Segment Start: Study material

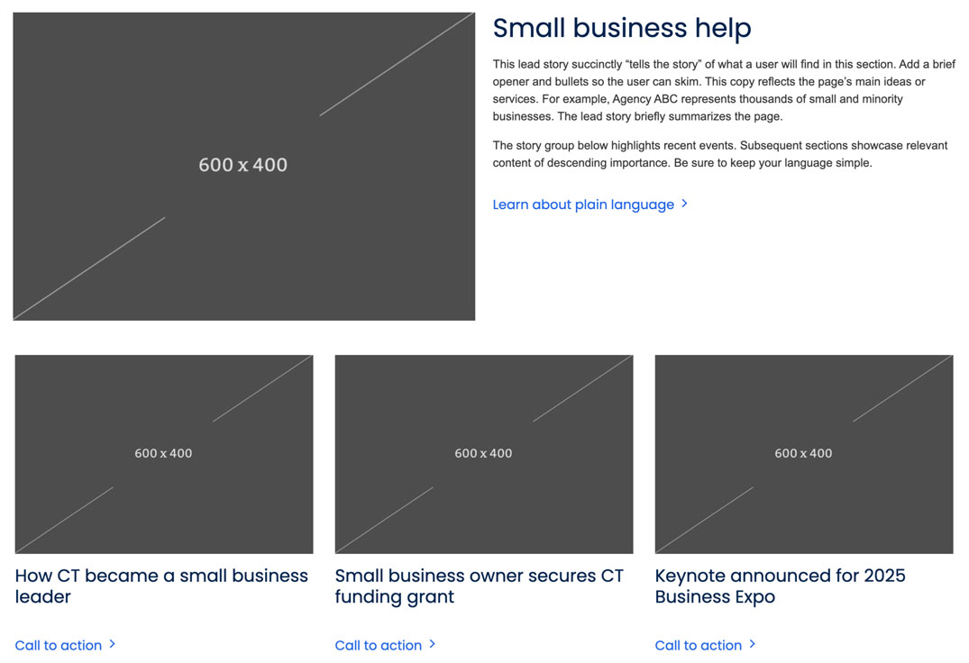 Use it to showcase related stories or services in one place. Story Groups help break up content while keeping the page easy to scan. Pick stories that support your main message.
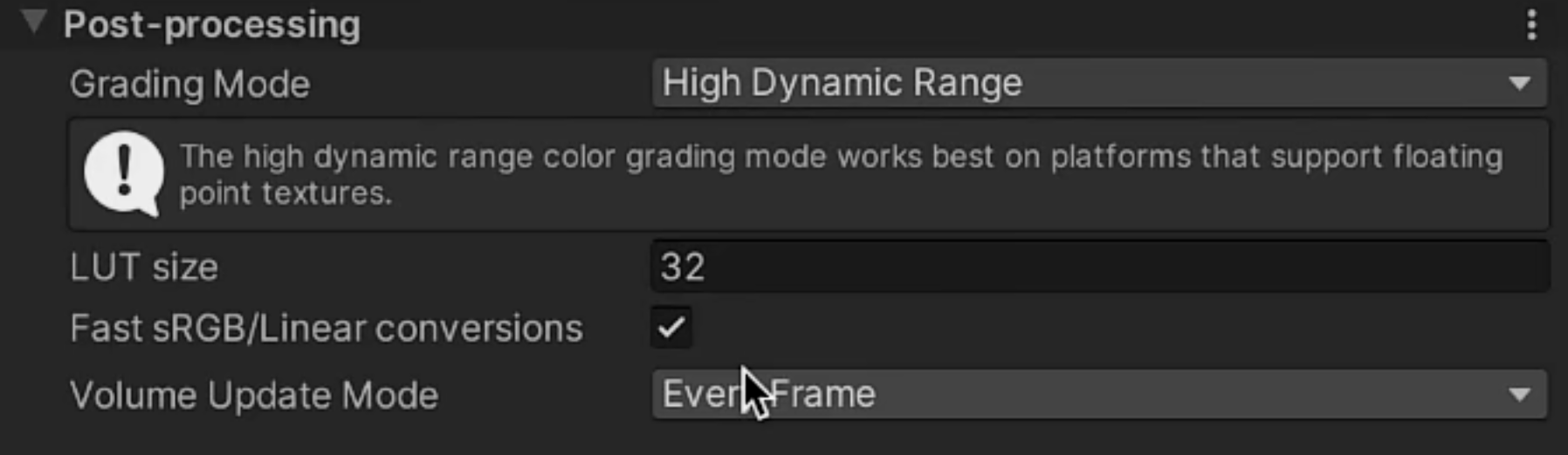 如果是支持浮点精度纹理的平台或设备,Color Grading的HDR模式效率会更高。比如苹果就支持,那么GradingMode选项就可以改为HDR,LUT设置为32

Segment End: Study material
Segment Start: Study material

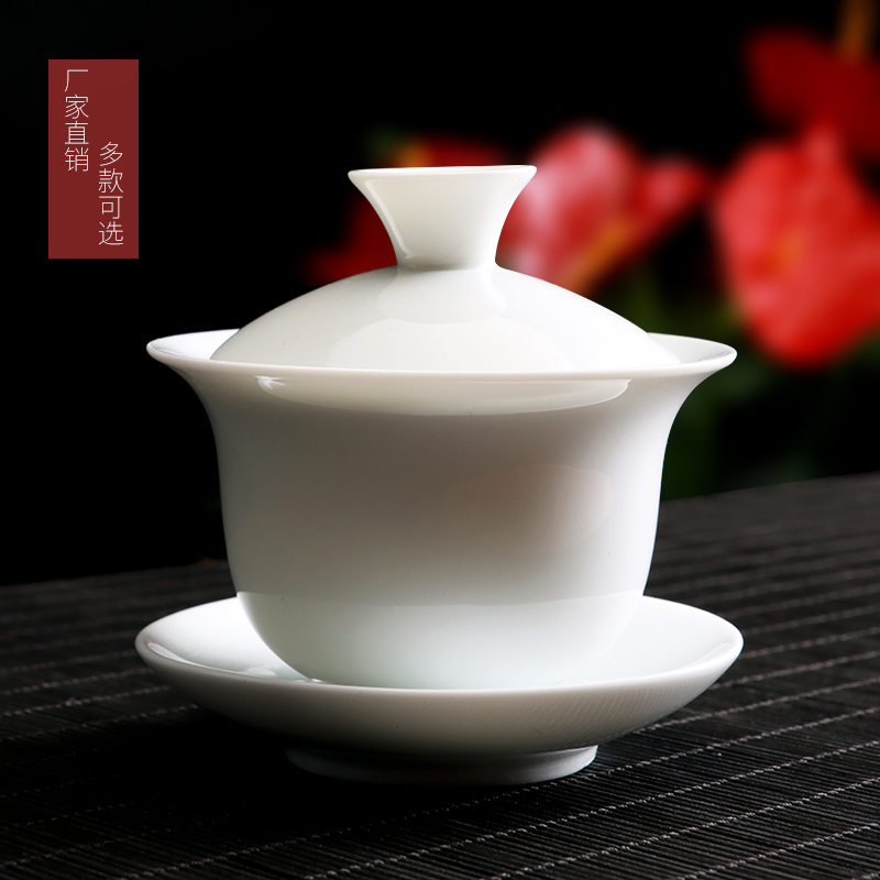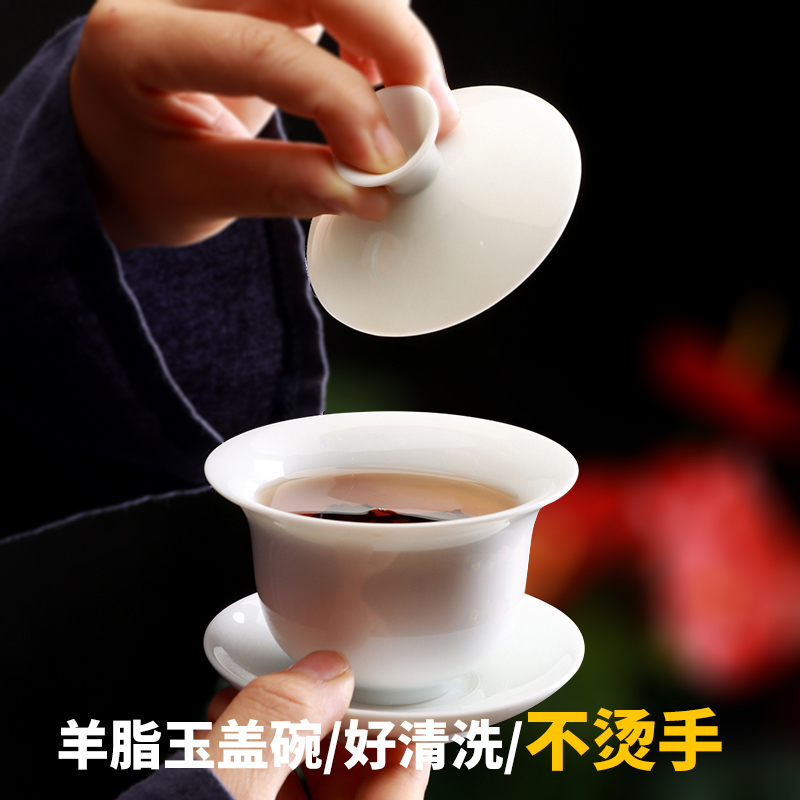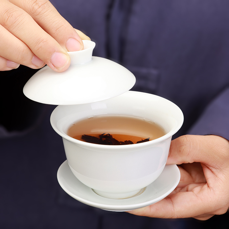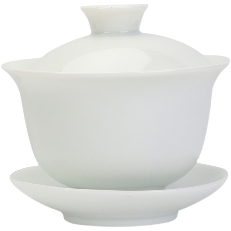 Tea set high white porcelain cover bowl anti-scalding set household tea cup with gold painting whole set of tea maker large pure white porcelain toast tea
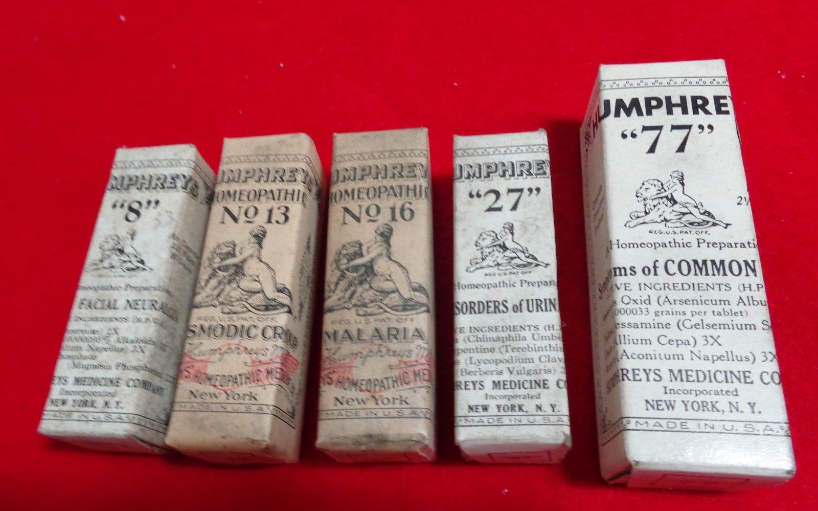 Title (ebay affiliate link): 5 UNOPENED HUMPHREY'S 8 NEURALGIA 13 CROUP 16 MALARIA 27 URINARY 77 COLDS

Segment End: Study material
Segment Start: Study material

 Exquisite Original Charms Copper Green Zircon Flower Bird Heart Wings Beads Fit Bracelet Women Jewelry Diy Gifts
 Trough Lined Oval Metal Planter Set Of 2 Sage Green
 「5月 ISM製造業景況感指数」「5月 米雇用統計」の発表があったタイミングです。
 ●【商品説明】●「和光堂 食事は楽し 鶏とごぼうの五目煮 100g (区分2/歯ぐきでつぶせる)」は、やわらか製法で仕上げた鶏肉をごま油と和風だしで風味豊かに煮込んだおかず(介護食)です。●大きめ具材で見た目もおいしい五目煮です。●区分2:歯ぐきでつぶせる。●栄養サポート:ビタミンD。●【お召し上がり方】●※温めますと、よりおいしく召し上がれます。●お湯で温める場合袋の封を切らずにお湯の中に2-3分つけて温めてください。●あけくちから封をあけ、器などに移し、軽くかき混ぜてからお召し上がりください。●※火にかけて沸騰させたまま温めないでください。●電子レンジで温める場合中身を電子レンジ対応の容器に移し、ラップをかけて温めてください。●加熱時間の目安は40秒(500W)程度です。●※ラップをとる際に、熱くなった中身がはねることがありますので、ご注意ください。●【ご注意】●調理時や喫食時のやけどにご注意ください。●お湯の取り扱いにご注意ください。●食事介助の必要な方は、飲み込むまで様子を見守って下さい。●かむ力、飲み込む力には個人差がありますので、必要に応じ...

Segment End: Study material

This exercise requires the lines of the entries containing the string "Green".

_Exercise response_
 Exquisite Original Charms Copper Green Zircon Flower Bird Heart Wings Beads Fit Bracelet Women Jewelry Diy Gifts
 Trough Lined Oval Metal Planter Set Of 2 Sage Green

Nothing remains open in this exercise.